They did a c-section without anesthesia - page 4

The pt had an epidural, but it didn't do the trick. We don't have in-house anesthesia, and it took 20 minutes to get to the hospital. meanwhile there were heart tones in the toilet and the baby... Read More

  1. by   imenid37
    Quote from BSNtobe2009
    Now you know why people die in rural hospitals...it's not that the staff isn't competent, it's just that the population doesn't allow for the funding of certain professions to be there 24/7.

    I agree with you, it should be illegal...hospital systems should have to buffer the cost, because I guarantee it costs lives every year.
    People die in all types hospitals period every year that shouldn't. That is a whole other story. We can't have level one trauma and level three NICU capabilities at every facility or in-house everything. There aren't enough resources for that. To take services like OB away from small hospitals would create more problems than it would solve. Then you would have people delivering in the ED w/ no OB doc. What if someone like that needs a C/S? What you need is a plan. Most places do have a plan, procedure, etc. for what happens when a pretermer, etc. comes in and is active. We have had 24 weekers come in and pop that child out in a matter of minutes. Once they hit the door NICU is being at our referral facility and are on their way. We transfer people who are stable enough so they can deliver somewhere else if they are preterm or very high risk. As for anesthesia and ob being in house 24/7. They wouldn't. That is their call, to a large extent, and if the hospital mandated them being there all of the time, then we wouldn't have them. They would just move away to a facility which has house staff. Again, patients should talk to their doc. If you want them there, the whole time in labour, then say it. I don't know that they will agree to it. It is not just a matter of greed on the facilites' part. There really is a shortage of certain providers for a variety of reasons. I don't know your situation w/ a 29 weeker. We have flown and ambo'd many a preterm mom away w/ good results. We have also delivered many a pretermer w/ good results. We would much rather send them prior to delivery. Thankfully, you had a good outcome.

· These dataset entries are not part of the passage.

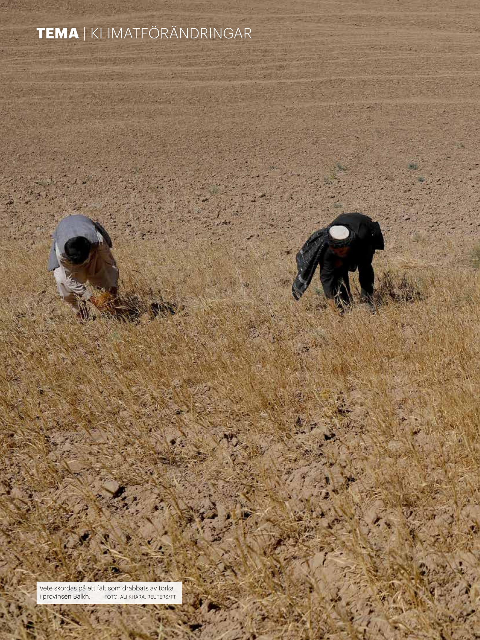
Vete skördas på ett fält som drabbats av torka i provinsen Balkh.
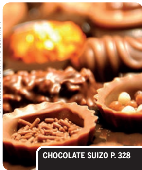
CHOCOLATE SUIZO P. 328
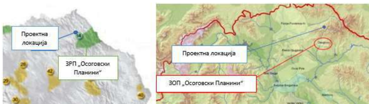
Слика 7 Значајно Растително Подрачје и Значајно Орнитолошко Подрачје „Осоговски Планини“
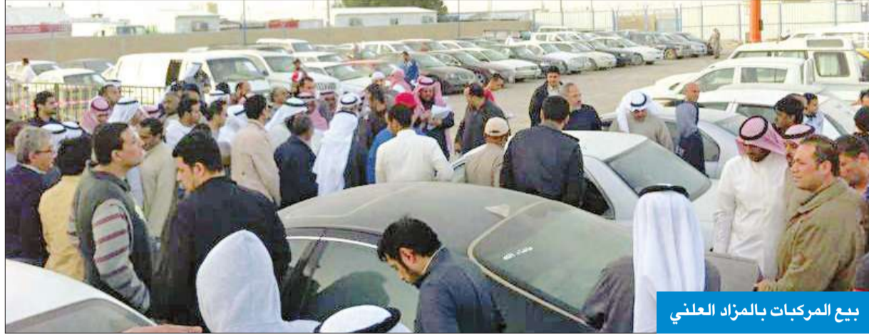
بيع المركبات بالمزاد العلني

أقامت وزارة الداخلية، ممثلة في الإدارة العامة للمرور، وبالشراكة مع وزارة المالية، مزاداً علنياً لبيع 130 مركبة محجوزة على ذمة مخالفات مرور في منطقة حجز المركبات بميناء عبدالله، بقيمة 61.360 ألف دينار.
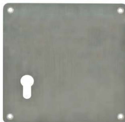
Plaque de poussée carrée

BDC -réf. IN244B 🔑 -réf. IN244CI Droite/Gauche
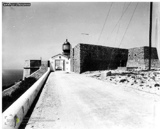
Entrada da fortificação - 1957

We have also had moms who were to deliver at our referral hospital come in w/ a terrible strip or bleeding and they had a good outcome because we were there and able to get a team in within a few minutes because they didn't have the time to drive to that facilty.
  2. by   Jolie
    Quote from nuberianne

    Another thing, how could they not know until crunch time that the epidural was not effective? Did she have pain relief and then all of a sudden the epidural stopped working and baby hit bottom and mom was taken to OR and cut open all in less time than it took for the MDA to get there?

    I know as healthcare providers we do not want to hear of any threats of a lawsuit especially after giving your all to care for the patients. I'm just saying to look at this situation from the patient's point of view who went through a horrific experience. I did not mean to imply that I would sue the nurses involved, but policy should be reviewed to prevent something like this from happening again. I am sure there are many of hospitals that use on call anesthesia service but I don't think it is normal for a pt to have to go through a c-section like that especially since she did not arrive at the hospital in distress.
    I was present in a C-section where the patient initially had good epidural pain relief, but cried out in pain when the OB began to cut thru deeper tissues. This was a planned surgery, with no urgency for the baby to be delivered, so the OB stopped and allowed the MDA time to re-dose the epidural more than once. It was not effective. They finally agreed that the best course of action would be for the OB to inject a local, which provided sufficient pain relief for the case to be completed. The physicians theorized that the epidural had not effectively numbed certain nerve branches, while providing sufficient pain relief to others.

    I wonder if this is what happened in the OP's case. I agree that it is unconscionable that the OB continued surgery AFTER the baby's delivery without sufficient anesthesia, and agree with the suggestion of referring this to an ethics committee, as well as the hospital's morbidity and mortality review. I suspect that the patient was given an amnesic drug such as Versed, which would prevent her from remembering the horrific pain she felt. That, of course, does not justify subjecting her to the pain in the first place, once the baby was safely delivered.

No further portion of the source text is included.